**SOURCE MATERIAL:**
━━━━━━━━
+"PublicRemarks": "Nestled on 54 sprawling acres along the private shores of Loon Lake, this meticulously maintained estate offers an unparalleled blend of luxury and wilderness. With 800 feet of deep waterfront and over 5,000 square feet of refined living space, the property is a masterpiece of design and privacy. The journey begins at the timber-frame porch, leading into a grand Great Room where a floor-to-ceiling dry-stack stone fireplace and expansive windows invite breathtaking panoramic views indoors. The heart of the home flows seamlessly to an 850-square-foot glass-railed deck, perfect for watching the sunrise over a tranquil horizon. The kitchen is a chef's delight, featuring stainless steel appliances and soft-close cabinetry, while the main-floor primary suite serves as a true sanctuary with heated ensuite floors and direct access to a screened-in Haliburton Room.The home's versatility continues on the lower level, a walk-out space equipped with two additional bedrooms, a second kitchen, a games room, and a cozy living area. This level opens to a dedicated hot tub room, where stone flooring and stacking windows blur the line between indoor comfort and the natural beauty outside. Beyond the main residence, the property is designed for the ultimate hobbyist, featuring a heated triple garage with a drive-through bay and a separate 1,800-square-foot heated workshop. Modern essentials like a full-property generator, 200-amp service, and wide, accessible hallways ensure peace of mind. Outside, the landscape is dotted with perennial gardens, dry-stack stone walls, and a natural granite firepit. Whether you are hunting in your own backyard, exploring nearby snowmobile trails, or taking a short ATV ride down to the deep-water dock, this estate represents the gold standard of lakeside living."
━━━━━━━━
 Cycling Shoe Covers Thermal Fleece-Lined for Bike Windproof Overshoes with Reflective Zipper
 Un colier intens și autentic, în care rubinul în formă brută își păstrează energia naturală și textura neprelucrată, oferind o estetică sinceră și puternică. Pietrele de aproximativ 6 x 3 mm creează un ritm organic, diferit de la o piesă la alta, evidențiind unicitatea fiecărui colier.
━━━━━━━━
**WHAT NEEDS TO BE DONE:** Only the lines above from the one with "Cycling Shoe Covers" through the one with "Un colier intens" should be duplicated, character for character.

**SOLUTION TO THIS EXERCISE:**
 Cycling Shoe Covers Thermal Fleece-Lined for Bike Windproof Overshoes with Reflective Zipper
 Un colier intens și autentic, în care rubinul în formă brută își păstrează energia naturală și textura neprelucrată, oferind o estetică sinceră și puternică. Pietrele de aproximativ 6 x 3 mm creează un ritm organic, diferit de la o piesă la alta, evidențiind unicitatea fiecărui colier.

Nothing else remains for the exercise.